Bermuda’s reputation as a place for insurance run-off excellence grew continually in 2020, a leading executive in the Bermuda office of professional services firm PwC has said.
James Ferris, a partner and leader of the Bermuda Advisory practice, said: “The likes of Compre established its Bermuda operations in the year, along with a capital raise, and we saw Darag’s Bermuda entity established in 2020 increase its deal flow.
“We expect further establishment of Bermuda entities from run-off players into 2021 pointing to the Bermuda Monetary Authority becoming a significant regulator in respect of run-off operations globally, as well as group supervisor of significant amounts of US and UK/European liabilities.”
Mr Ferris’ comments appear in the annual Global Insurance Run-off Survey produced by PwC in conjunction with the Insurance and Reinsurance Legacy Association and the Association of Insurance and Reinsurance Run-off Companies.
The online survey was sent to a cross-section of individuals at re/insurers, legacy business acquirers, brokers, service providers and other stakeholders in the non-life legacy insurance market.
It found that the growth in legacy activity predicted in the last edition of the survey has materialised, boosted by significant investment in both new and existing legacy players. The market has maintained its momentum, with more than 100 legacy deals publicly announced since the last survey, consistent with the volume in the prior period.

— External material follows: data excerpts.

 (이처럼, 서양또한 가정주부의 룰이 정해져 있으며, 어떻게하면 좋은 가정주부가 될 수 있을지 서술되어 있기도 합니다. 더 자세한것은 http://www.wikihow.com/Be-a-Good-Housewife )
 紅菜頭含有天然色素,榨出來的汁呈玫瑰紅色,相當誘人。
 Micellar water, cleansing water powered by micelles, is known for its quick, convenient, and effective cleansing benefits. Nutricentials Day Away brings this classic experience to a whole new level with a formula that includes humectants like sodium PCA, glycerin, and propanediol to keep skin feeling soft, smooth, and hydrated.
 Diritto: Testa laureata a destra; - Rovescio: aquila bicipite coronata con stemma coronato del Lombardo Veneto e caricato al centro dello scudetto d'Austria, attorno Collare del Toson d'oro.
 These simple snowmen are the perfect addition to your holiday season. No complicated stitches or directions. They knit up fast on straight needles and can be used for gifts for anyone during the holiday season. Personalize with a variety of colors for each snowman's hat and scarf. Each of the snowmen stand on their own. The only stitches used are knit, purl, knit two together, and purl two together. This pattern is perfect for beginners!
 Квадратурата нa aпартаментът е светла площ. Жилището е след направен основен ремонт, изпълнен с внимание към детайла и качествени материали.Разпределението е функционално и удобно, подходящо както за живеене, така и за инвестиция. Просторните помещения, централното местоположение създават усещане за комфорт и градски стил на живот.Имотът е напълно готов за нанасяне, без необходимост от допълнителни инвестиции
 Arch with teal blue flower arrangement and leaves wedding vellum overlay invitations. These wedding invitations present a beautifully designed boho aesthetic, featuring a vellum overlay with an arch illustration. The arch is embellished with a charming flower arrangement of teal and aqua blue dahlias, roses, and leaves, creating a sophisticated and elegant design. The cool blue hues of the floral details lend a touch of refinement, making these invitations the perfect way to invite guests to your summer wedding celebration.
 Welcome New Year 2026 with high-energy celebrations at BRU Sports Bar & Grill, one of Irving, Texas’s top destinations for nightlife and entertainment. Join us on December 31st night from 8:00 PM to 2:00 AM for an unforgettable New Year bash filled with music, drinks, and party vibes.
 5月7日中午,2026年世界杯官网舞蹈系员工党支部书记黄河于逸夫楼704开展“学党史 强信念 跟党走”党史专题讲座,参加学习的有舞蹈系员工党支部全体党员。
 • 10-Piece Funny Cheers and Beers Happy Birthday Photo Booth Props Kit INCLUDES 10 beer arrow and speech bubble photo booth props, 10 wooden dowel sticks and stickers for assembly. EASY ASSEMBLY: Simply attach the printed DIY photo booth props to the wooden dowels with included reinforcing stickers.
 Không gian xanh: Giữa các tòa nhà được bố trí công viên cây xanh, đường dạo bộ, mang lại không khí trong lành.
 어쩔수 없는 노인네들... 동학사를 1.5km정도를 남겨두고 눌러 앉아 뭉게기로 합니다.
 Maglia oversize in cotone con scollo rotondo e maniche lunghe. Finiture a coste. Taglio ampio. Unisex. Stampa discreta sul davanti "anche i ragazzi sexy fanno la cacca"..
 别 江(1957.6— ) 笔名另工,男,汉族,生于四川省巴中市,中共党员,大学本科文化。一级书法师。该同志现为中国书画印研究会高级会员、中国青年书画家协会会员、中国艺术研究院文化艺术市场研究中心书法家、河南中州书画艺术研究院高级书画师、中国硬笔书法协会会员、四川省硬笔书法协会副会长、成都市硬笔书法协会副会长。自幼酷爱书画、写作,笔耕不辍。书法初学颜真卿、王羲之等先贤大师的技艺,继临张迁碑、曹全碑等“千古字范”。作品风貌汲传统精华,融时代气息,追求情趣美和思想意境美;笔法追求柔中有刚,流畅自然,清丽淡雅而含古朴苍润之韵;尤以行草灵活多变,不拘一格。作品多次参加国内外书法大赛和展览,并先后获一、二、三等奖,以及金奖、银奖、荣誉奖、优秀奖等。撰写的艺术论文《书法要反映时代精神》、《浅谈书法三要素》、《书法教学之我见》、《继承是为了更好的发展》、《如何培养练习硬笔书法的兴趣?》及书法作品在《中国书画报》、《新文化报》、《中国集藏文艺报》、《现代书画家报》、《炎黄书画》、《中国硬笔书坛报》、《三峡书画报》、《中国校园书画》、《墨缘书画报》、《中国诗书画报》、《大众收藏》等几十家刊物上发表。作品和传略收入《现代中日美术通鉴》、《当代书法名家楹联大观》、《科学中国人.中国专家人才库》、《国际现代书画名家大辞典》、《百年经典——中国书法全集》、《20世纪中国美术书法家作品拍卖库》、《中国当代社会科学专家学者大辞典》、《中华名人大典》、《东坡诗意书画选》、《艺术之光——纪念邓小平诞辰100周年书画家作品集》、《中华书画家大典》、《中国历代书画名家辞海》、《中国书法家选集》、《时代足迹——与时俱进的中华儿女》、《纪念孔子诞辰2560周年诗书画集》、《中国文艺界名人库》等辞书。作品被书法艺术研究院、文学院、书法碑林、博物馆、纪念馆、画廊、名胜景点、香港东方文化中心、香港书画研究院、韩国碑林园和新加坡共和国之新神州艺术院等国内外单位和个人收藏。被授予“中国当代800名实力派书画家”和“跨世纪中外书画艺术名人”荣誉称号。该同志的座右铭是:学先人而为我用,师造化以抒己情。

Speaking of the Bermuda market, Mr Ferris added: “With this critical mass, we expect the Bermuda market stakeholders to continue developing the next generation of innovation for Bermuda to keep it at the forefront of legacy solutions. While 2020 saw a Bermuda domiciled consolidator complete its first US IBT, Bermuda has not yet developed its own framework for IBT akin to the Part VII process, something which may be required in time to support the industry.
“The year also saw Bermuda being placed on the National Association of Insurance Commissioners List of Reciprocal Jurisdictions effective 1 January 2020, which we expect to only increase the attractiveness of reinsuring into the territory and the solutions that can be developed.
“We may see strong demand for Bermuda specific legacy solutions in the coming years as the 2021 renewal season suggests pricing of new contracts is hardening, which will put those reinsurers with capital intensive legacy business in the spotlight. To maximise investor returns, established insurers should be looking at ways to effectively pass legacy liabilities into the run-off market and recycle the capital into more profitable underwriting.”
Damian Cooper, insurance partner at PwC Bermuda, said: “The non-life run-off market has shown tremendous resilience in the face of Covid-19. The strong deal activity has been boosted by some significant investments in both new and existing players. Over the next few years market conditions look conducive to further growth, which is strongly supported by this year’s survey responses.”
PWC said survey respondents predict legacy deal activity will remain at record highs, with the US and Lloyd’s markets continuing to be particularly busy. Respondents further indicate that they expect the sector to be heavily influenced by factors such as increased levels of capital availability and hardening live market conditions, which will ensure a strong supply pipeline over the next two years.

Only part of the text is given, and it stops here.